Publié par Marie-Aude in : Habiba, Maroc , 1 commentaire seulement

C’est l’année des dix-huit ans de Hassan que tout a explosé. Il avait passé son bac brillamment, et il allait entrer à l’université à la rentrée. Nous étions tellement fiers de lui ! Aziz avait même décidé de réduire la fréquence de ses voyages au pays pour économiser pour les études de son fils.

Les choses devenaient difficiles, pour nous marocains. Il y avait eu cet attentat horrible, les deux tours écroulées, et la montée de a méfiance à notre encontre. Dans notre petite banlieue, entre le marché et la mosquée, je n’étais pas ennuyée, mais Youssef, Hassan et Mohammed en avaient assez d’être tout le temps contrôlés, « traités » comme disait mon fils, qui ne concevait pas qu’on puisse être « bien traité » par les autorités. Le raccourci lui était naturel, traduisant ses énervements quotidiens.
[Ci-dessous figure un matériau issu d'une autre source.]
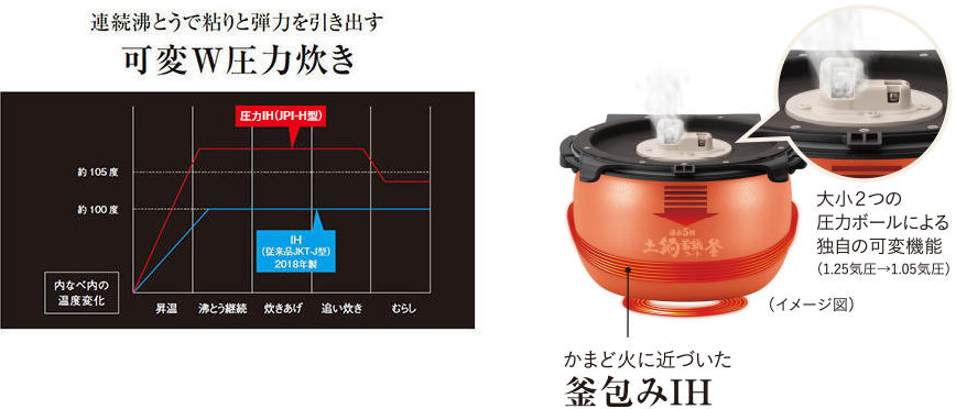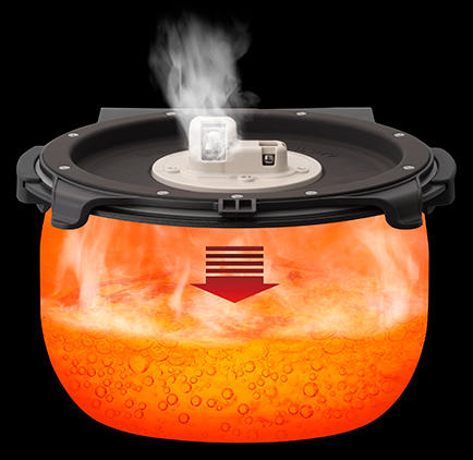 大小2つの圧カボールを制御し、ねばリを引き出ししっかり炊きあげます。炊きあげ時に約1.25気圧の圧力をかけてねばりともちもちした弾力を引き出します。炊きあげ後は約1.05気圧の高温蒸らしにより、ごはん粒を炊きしめ、べたつきをおさえたしっかりとしたごはん粒に仕あげます。
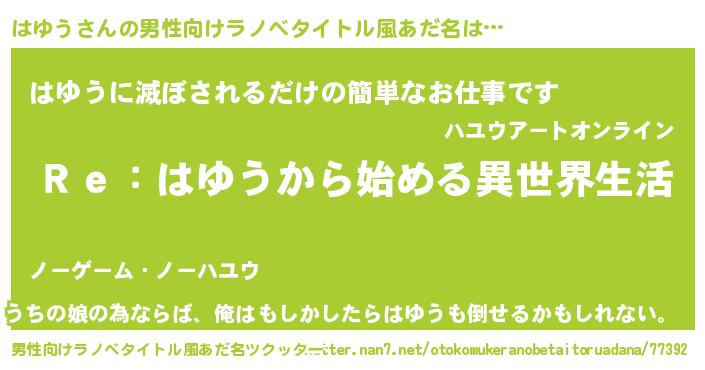 | ヒーロー風カッコイイあだ名 | 『最強戦士ハユウ』『ウルトラはゆうマン』 |

Il y avait eu toutes ces lois, des émeutes de temps en temps, et pour nos amis clandestins, les difficultés de plus en plus grandes et les expulsions de plus en plus nombreuses, et Youssef disait souvent « je ne sais pas si je pourrais passer, aujourd’hui ». Nos papiers nous protégeaient, à leur majorité nos enfants demandaient à être français, mais rien ne nous évitait les regards en coin, les remarques aigres et les mesquineries. (more…)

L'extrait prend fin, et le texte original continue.